J’avais été totalement déboussolée et secouée par ma lecture de La Perle et la Coquille, et je m’attendais à être tout autant bouleversée avec Si la lune éclaire nos pas. Eh bien, laissez-moi vous dire que ce fut le cas.
Dans ce nouveau roman, l’auteure s’attache à nous retracer le parcours d’une famille de migrants, ne pouvant plus supporter l’oppression des Talibans à Kaboul, et fuyant vers l’Europe dans l’espoir d’une vie meilleure. Les pistes sont pourtant brouillées au début, qui nous plongent dans l’histoire de Fereiba, cette jeune femme très décidée à aller à l’école malgré la désapprobation de sa belle-mère Kokoghul. J’ai aimé cette force de caractère d’une enfant bien décidée à ne pas se laisser faire, à ne laisser personne lui voler son avenir, à se donner toutes les chances pour s’instruire. Dès le début de l’histoire, l’injustice est là, sous-jacente, pour cette Fereiba qui ne subit pas le même sort que ses soeurs.

J’ai par la suite vu mon coeur se serrer pour Fereiba, lors de son rapprochement avec le jeune homme du verger. On a toujours envie de croire à des événements heureux malgré les indices semés par l’auteure, surtout lorsqu’il s’agit d’un destin aussi tragique. Mais Fereiba nous apprend que les malheurs qui nous arrivent sont parfois bénéfiques pour ce que Dieu nous réserve. Notre destin est simplement ailleurs. J’ai aimé cette sagesse qui intervient par la suite, à travers le regard que l’héroïne jette sur son passé.

Le parcours de Fereiba et ses enfants est semé d’embûches. Bien évidemment, en quittant l’Afghanistan, l’espoir de trouver la liberté et la sécurité sont omniprésentes. Et c’est évidemment une énorme désillusion à laquelle sont confrontés les membres de cette famille lorsqu’ils découvrent de quoi le quotidien des réfugiés est fait : travailler pour une misère, vivre dehors, dans la peur des forces de l’ordre, voler pour se nourrir, obtenir des faux papiers… En chemin, ils croiseront d’ailleurs de nombreux autres personnages au parcours similaire.

J’étais loin d’imaginer jusqu’où ce roman me porterait. Jusqu’aux portes de mon propre pays, jusque la région où je suis née. Pour une fois, nous ne voyons pas « notre » réalité à travers nos yeux de citoyens français, nous vivons LEUR réalité, celles de ces migrants entassés dans une jungle, espérant simplement échapper à un pays où les droits de l’homme n’existent plus.

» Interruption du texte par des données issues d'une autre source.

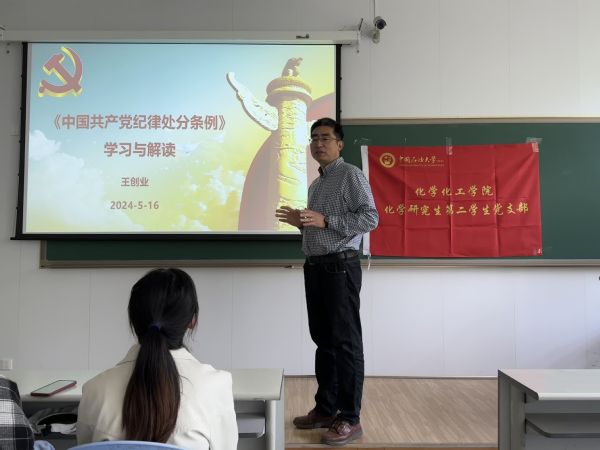 2024年5月17日,MK体育化学研究生第二员工党支部在南堂205教室开展“学习党纪条例,增强纪律意识”主题学习会。会议由支部书记孙风跃同志主持,支部党员、预备党员参与此次活动,MK体育党支部书记王创业同志到会指导。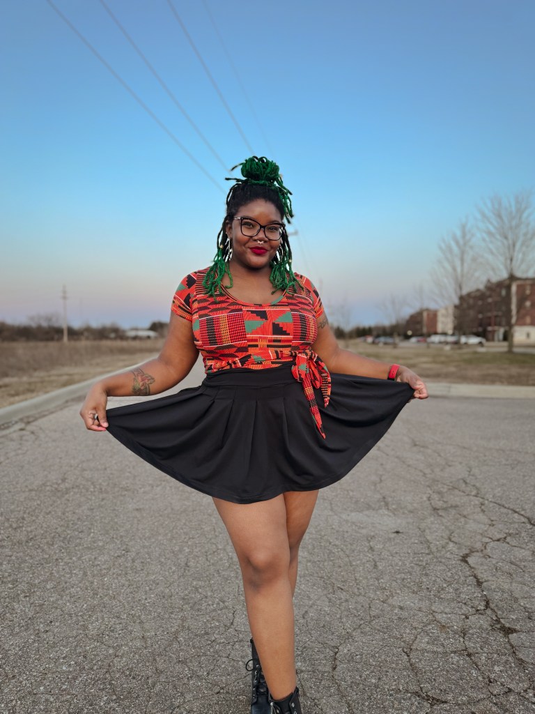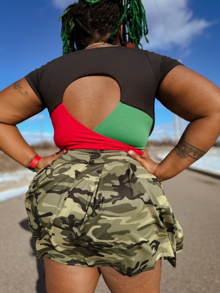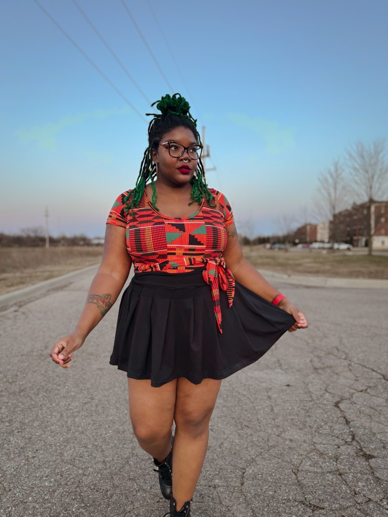 Presley is a pleated skirt that has my heart! I love pleats much more than gathering! Pleats give a simple, neat, and alluring appearance to a make. I’m also a fan of mini skirts but deal with one MAJOR issue. I’m a part of the big booty club, and I have repeatedly dealt with the skirt being high in the back. I add rise to my leggings but have never done so with my skirts. I’m hella late to the party, but I learned how to make an adjustment during testing.

Et comment vous dire à quel point j’ai adoré cette fin ! Tant de tensions, tant de suspense, tant d’épreuves et d’obstacles pour en arriver à cette fin… cette fin que je n’avais vraiment pas vue venir et qui est tout simplement la conclusion parfaite pour Salim. Car la peur ne nous quitte jamais, rien n’est joué d’avance, le danger guette toujours. Car tout ne s’arrête pas là, c’est à nous, lecteurs, de reconstituer le chemin, en tenant compte de ce tout ce qui précède. Fin heureuse ou tragique ? Nadia Hashimi se refuse à trancher, donnant là la parole à tous les migrants à la fois, ceux qui ont connu un dénouement dans la mort et la douleur, et ceux qui ont eu plus de chance…

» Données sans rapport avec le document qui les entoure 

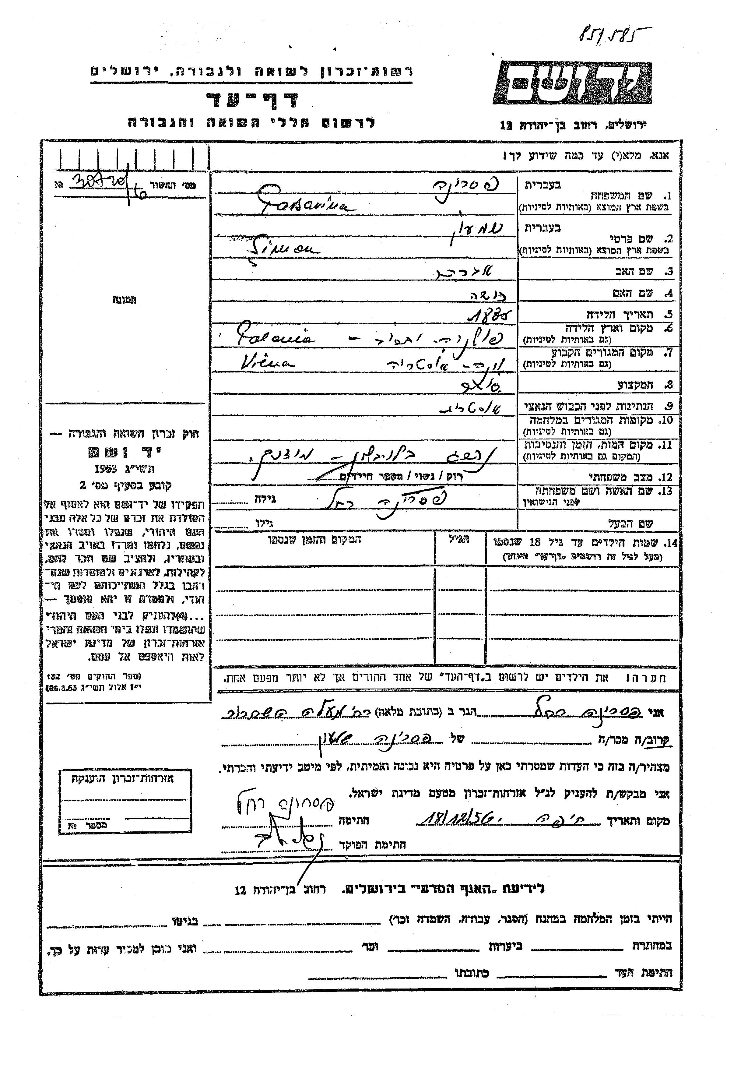 Simon Pasarina wurde im Jahr 1885 in Jaworow, Polen geboren. Er war der Sohn von Avraham und Risha. Er war Kaufmann/-frau und mit Rakhel Verheiratet. Vor dem Zweiten Weltkrieg lebte er in Vienna, Österreich.

Derniers mots : si je devais malgré tout choisir entre la Perle et la Coquille et Si la lune éclaire nos pas, je pense que ma préférence pencherait malgré tout pour le premier. Mais les deux sont tout aussi indispensables l’un que l’autre, alors n’hésitez pas à compléter votre collection. Votre bibliothèque ne s’en portera que mieux !

En conclusion

Ce roman est dense, il apporte un regard authentique sur la réalité que traversent les migrants d’Afghanistan venus chercher un avenir meilleur dans un pays qui respectera leurs droits les plus élémentaires. C’est un roman incroyable qui vous fera passer par une multitude d’émotions, et dont le souvenir s’imprégnera pour longtemps dans votre mémoire. Comment oublier de tels destins, comment oublier une telle douleur, une telle vie qui est pourtant celle de nombreuses personnes qui résident actuellement illégalement dans notre propre pays ? Lorsque l’on referme ce genre de romans, nous ne sommes plus vraiment les mêmes. Nadia Hashimi signe encore un roman merveilleux, bouleversant, indispensable, à lire impérativement.